Silver last month called for Biden to resign and allow Vice President Kamala Harris to take over until Donald Trump’s inauguration, questioning whether Biden remained “competent to be president.” Silver was also highly critical of Biden’s role in Harris’ election defeat, writing on his Substack newsletter, Silver Bulletin, that Trump’s victory was “mostly Biden’s fault.”
“Voters were smart enough to see through this s--t. I voted for Harris. But that’s why I believe in democracy more than I believe in the Democratic Party,” Silver wrote in his Twitter thread. “You’re not fooling anyone but yourselves.”
He also urged those defending the pardoning to “please stop thinking of yourself as a defender of ‘democracy’ or norms or the rule of law.”
“You’re just a garden-variety partisan dressing yourself up in sheep’s clothing. And voters are smart enough to see this even if you aren’t,” Silver wrote, pointing out that the White House “flagrantly lied” about Biden’s intention not to pardon Hunter even after the election.
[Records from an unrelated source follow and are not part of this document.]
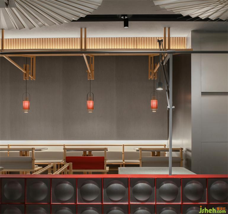 在空間的另外一側(cè),屋檐相對而設(shè),南寧餐廳設(shè)計在屋檐之間,五個大型雨傘裝置被安裝在天花上,并以不同方向交錯的緩慢轉(zhuǎn)動,成為空間中有趣的視覺體驗。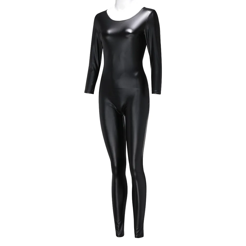 Женский комбинезон из искусственной кожи, с длинным рукавом и невид...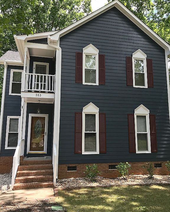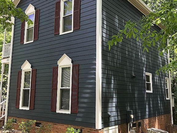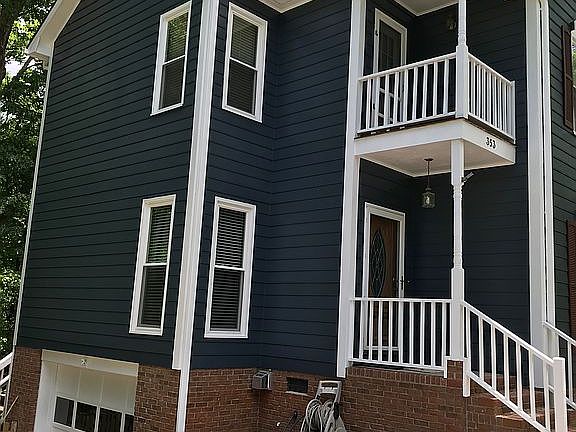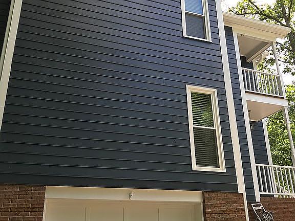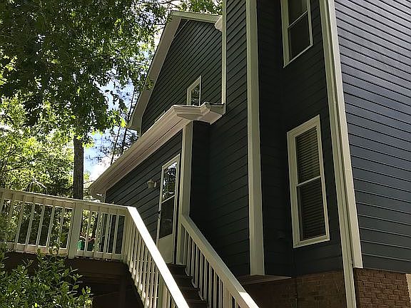 Beautiful blue Charleston style house with white trim. We’ll maintained interior and exterior with major remodel completed in 2020 to include new windows, interior paint, updated kitchen cabinets with quartz countertops, carpet, LVP flooring, exterior paint, Trex decking, and new front door with smart lock. Porch off of the master bedroom, great for relaxing with a morning cup of coffee. Garage on lower level underneath home. Large balcony/deck off of the kitchen, great grilling and outdoor entertainment space. Front and back yard has full coverage sprinkler system. Large eat-in kitchen with wet bar and quartz countertops. Formal dining room. New LVP flooring throughout lower level of house with new carpet in the bedrooms. Two full baths on second floor and a half bath on the first floor. House backs up to woods and Fourteen Mile Creek. Fenced in back yard, very quiet and peaceful.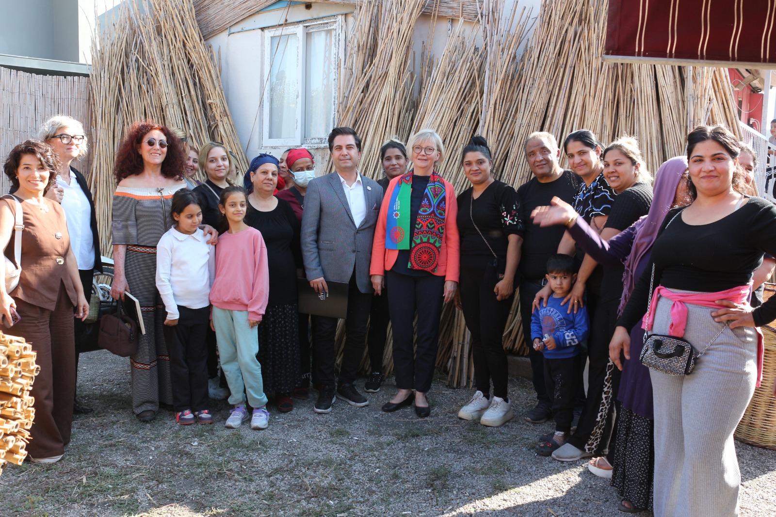 Almanya Büyükelçisi Sibylle Katharina Sorg gerçekleştirdiği rutin ziyaretler kapsamında Mersin’de Romanlarla buluştu. Buluşma Akdeniz Roman Dernekleri Federasyonu’na (AKROFMED) İSKEP projesi kapsamında tahsis edilen ve Romanların hasır üretimi gerçekleştirdiği TORTEK binasında gerçekleşti. Büyükelçi Sorg’u Akdeniz Roman Dernekleri Federasyonu Başkanı Ali Daylam, Mersin Üniversitesi Roman Eylem Planı’ndan Sorumlu Öğretim Üyesi ve AKROMFED Kültür Sanat Politikaları Koordinatörü Nurseren Tor, Uluslararası Gazeteciler Cemiyeti Mersin Şubesi Başkanı ve gazetemiz imtiyaz sahibi Gültekin Hakan Koçman, Roman kadınlarla beraber karşıladı.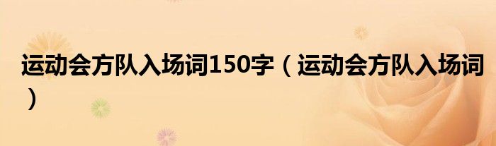 关于运动会方队入场词150字,运动会方队入场词这个很多人还不知道,今天菲菲来为大家解答以上的问题,现在让我们一起来看看吧!

Asked on Nov. 7—two days after Election Day—if Biden had “any intention” of pardoning Hunter, White House press secretary Karine Jean-Pierre answered: “We’ve been asked that question multiple times. Our answer stands, which is no.”
Silver said he “could be persuaded if you wanted to tell me that politics is just bloodsport,” but “these people are convinced of their own moral superiority when anyone with half a clue knows otherwise.”
“I’m not saying this is going to be the decisive issue of 2026/28 etc.,” he added, referring to upcoming midterm and presidential elections. “Probably second tier. But both the ethically *and politically* correct behavior is to call it out. Stop being so afraid of your own shadow.”
Biden is not the first president to use executive power to pardon a family member. Trump, at the end of his first term, pardoned Charles Kushner—the father of Trump’s son-in-law Jared Kushner—who in 2004 pleaded guilty to 16 counts of tax evasion, one count of lying to the Federal Election Commission, and one count of retaliating against a cooperating witness.
The cooperating witness was his own sister. Kushner admitted as part of his plea that he’d hired a sex worker to seduce his brother-in-law, arranged for the encounter to be filmed, and then had the tape to be sent to his sibling. Trump on Saturday announced that he’d picked Charles Kushner to serve as U.S. ambassador to France.
In 2001, Bill Clinton also pardoned a family member—his half-brother, Roger Clinton. The son of the then-president’s mother and stepfather, Roger Clinton had pleaded guilty in 1985 to selling cocaine to an undercover cop and was locked up for a year. The pardon helped to clear his criminal record, according to The Washington Post.